Z twórczością Anny Dąbrowskiej miałam już do czynienia kilkukrotnie, ale to dopiero druga jej książka pod własnym nazwiskiem. "Nakarmię cię miłością" było wyśmienitą ucztą, zaskoczeniem i miałam po niej czytelniczego kaca. Przed lekturą "W rytmie passady" trochę się zastanawiałam co autorka wymyśli tym razem... Czy ta książka ma szansę być lepsza po takim hicie? Chcecie wiedzieć jak ją odebrałam? Zapraszam na recenzję.

Julita Poll to przyszła maturzystka. Wraz z najlepszą przyjaciółką a zarazem kuzynką Olą Zawadzką, chodzi dwa razy w tygodniu na treningi zumby w starym magazynie. Pewnego dnia okazuje się, że ich dotychczasowa trenerka - Karolina - złamała nogę i zastąpi ją przystojniak Kuba. Od samego początku zawiesza swój wzrok na Juli, którego ona nie może znieść. Nie wie też, że wnikliwa obserwacja nowego instruktora będzie skutkowała pojawieniem się w jej życiu pewnego mężczyzny... Tylko w jakim celu i czy ona sobie z tym poradzi... Wszak często zachowuje się dziwnie a nawet irracjonalnie. Czas wolny lubi spędzać z książkami lub kolorowankami. Unika imprez i dyskotek, trzyma się raczej na uboczu, stara się też nie zawierać nowych znajomości, zwłaszcza z płcią przeciwną. Już z daleka pachnie mi tu trudną przeszłością... Co takiego wydarzyło się w życiu tej dziewczyny trzy lata temu, że nadal czuje ból, wstyd oraz smak krwi w ustach a każda stresowa sytuacja sprawia, że wstrząsają nią torsje? Prawdę zna tylko Ola. Nikt więcej. Nawet matka...   [Ach, no tak... jeszcze autorka, ale ona każe bardzo długo czekać na ujawnienie tajemnicy]
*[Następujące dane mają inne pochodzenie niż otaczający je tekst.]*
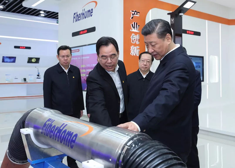 26日上午,習近平在烽火集團有限公司考察時,聽取了武漢市新舊動能轉(zhuǎn)換發(fā)展情況介紹,察看了公司自主創(chuàng)新產(chǎn)品展示,了解企業(yè)轉(zhuǎn)型升級、優(yōu)化調(diào)整產(chǎn)業(yè)結(jié)構(gòu)和加強黨建工作的情況。習近平對大家說,你們所從事的光通信行業(yè)很重要,要建設(shè)網(wǎng)絡(luò)強國,需要你們加快腳步,更快地占領(lǐng)一些制高點。他還指出,武漢高校眾多,很有發(fā)展?jié)摿Γ瞬旁诎l(fā)展中起決定性作用,要把人才隊伍建設(shè)好。

Wielkimi krokami zbliża się studniówka a Jula nie umie poloneza, nie ma partnera, jest tylko pośmiewiskiem wśród rówieśników. Najchętniej w ogóle by tam nie poszła... Demony przeszłości nie pozwalają jej cieszyć się z tej uroczystości. Nawet myśl o Sopocie, gdzie spędziła siedemnaście lat swojego życia, napawa ją lękiem.


Marcel Rucki jest nauczycielem tańców latynoamerykańskich. Nie zawsze brał życie na poważnie podejmując właściwe i słuszne decyzje. Stawiał na spontaniczność nie przejmując się uczuciami innych. Popełnił kilka błędów, ale od kiedy dowiedział o poważnej chorobie matki - wydoroślał. Kuba jest jego dobrym (?) kumplem i wpadł na pomysł jak pomóc mu w zdobyciu pieniędzy dla matki. Marcel musi wystartować w konkursie tańca z amatorką. Jednak kizomba to intymna gra dwóch ciał... Czy Jula zgodzi się takie wyzwanie? Czy pokona swoje lęki i nauczy się tego tańca w trzy miesiące jeśli pozna cel przyświecający Marcelowi? Czy będzie potrafiła rozluźnić się, zaufać partnerowi i znieść jego dotyk? Czy wyzna mu prawdę o swojej przeszłości?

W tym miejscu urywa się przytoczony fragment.